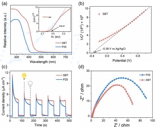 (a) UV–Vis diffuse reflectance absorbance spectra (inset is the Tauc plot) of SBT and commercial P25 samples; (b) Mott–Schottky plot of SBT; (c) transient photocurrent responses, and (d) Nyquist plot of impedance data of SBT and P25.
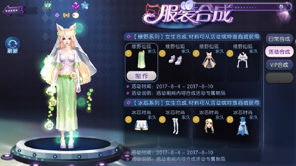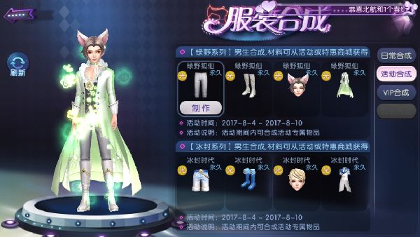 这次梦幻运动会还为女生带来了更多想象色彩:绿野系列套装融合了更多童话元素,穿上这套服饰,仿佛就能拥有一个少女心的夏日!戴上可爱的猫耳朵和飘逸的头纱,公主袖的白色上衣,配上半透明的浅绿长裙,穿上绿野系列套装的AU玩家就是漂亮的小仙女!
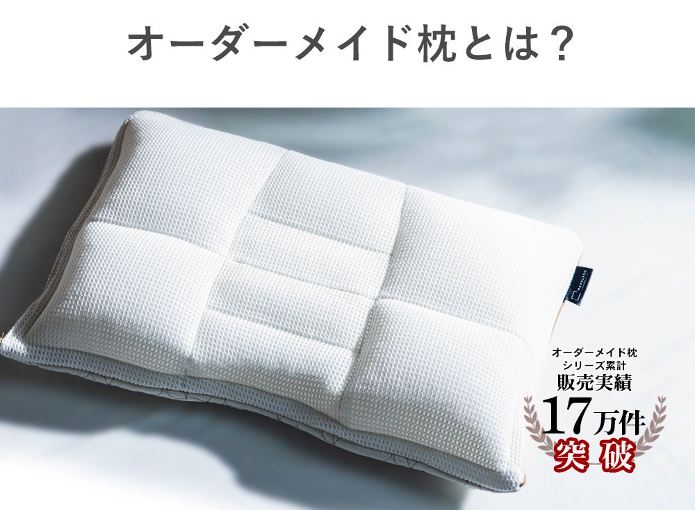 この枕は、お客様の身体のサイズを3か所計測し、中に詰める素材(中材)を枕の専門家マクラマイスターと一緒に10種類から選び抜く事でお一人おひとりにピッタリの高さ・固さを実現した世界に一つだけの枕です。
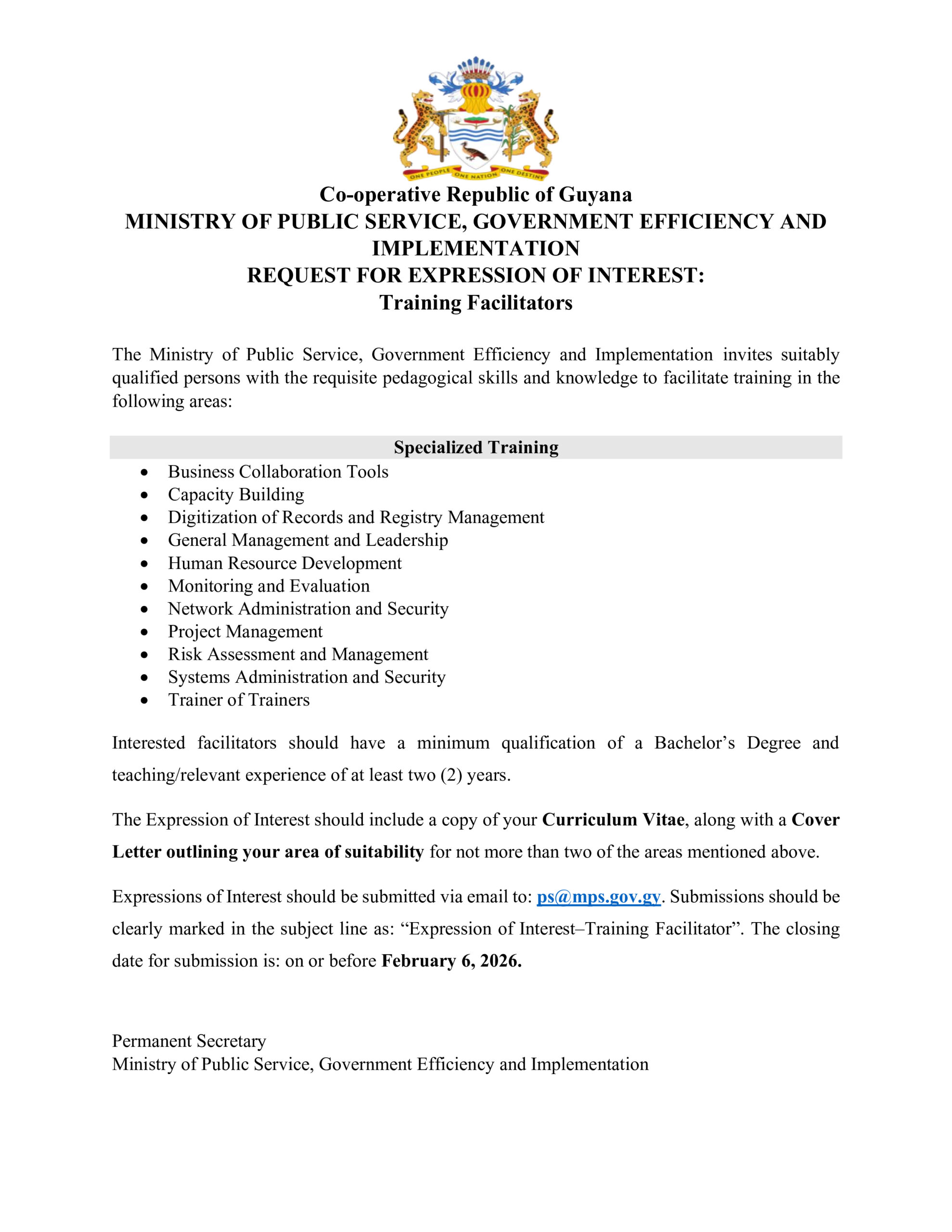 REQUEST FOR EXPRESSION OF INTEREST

▶ Assigned task
Repeat the data above exactly, but not the pictures.

▶ Exercise output
 (a) UV–Vis diffuse reflectance absorbance spectra (inset is the Tauc plot) of SBT and commercial P25 samples; (b) Mott–Schottky plot of SBT; (c) transient photocurrent responses, and (d) Nyquist plot of impedance data of SBT and P25.
 这次梦幻运动会还为女生带来了更多想象色彩:绿野系列套装融合了更多童话元素,穿上这套服饰,仿佛就能拥有一个少女心的夏日!戴上可爱的猫耳朵和飘逸的头纱,公主袖的白色上衣,配上半透明的浅绿长裙,穿上绿野系列套装的AU玩家就是漂亮的小仙女!
 この枕は、お客様の身体のサイズを3か所計測し、中に詰める素材(中材)を枕の専門家マクラマイスターと一緒に10種類から選び抜く事でお一人おひとりにピッタリの高さ・固さを実現した世界に一つだけの枕です。
 REQUEST FOR EXPRESSION OF INTEREST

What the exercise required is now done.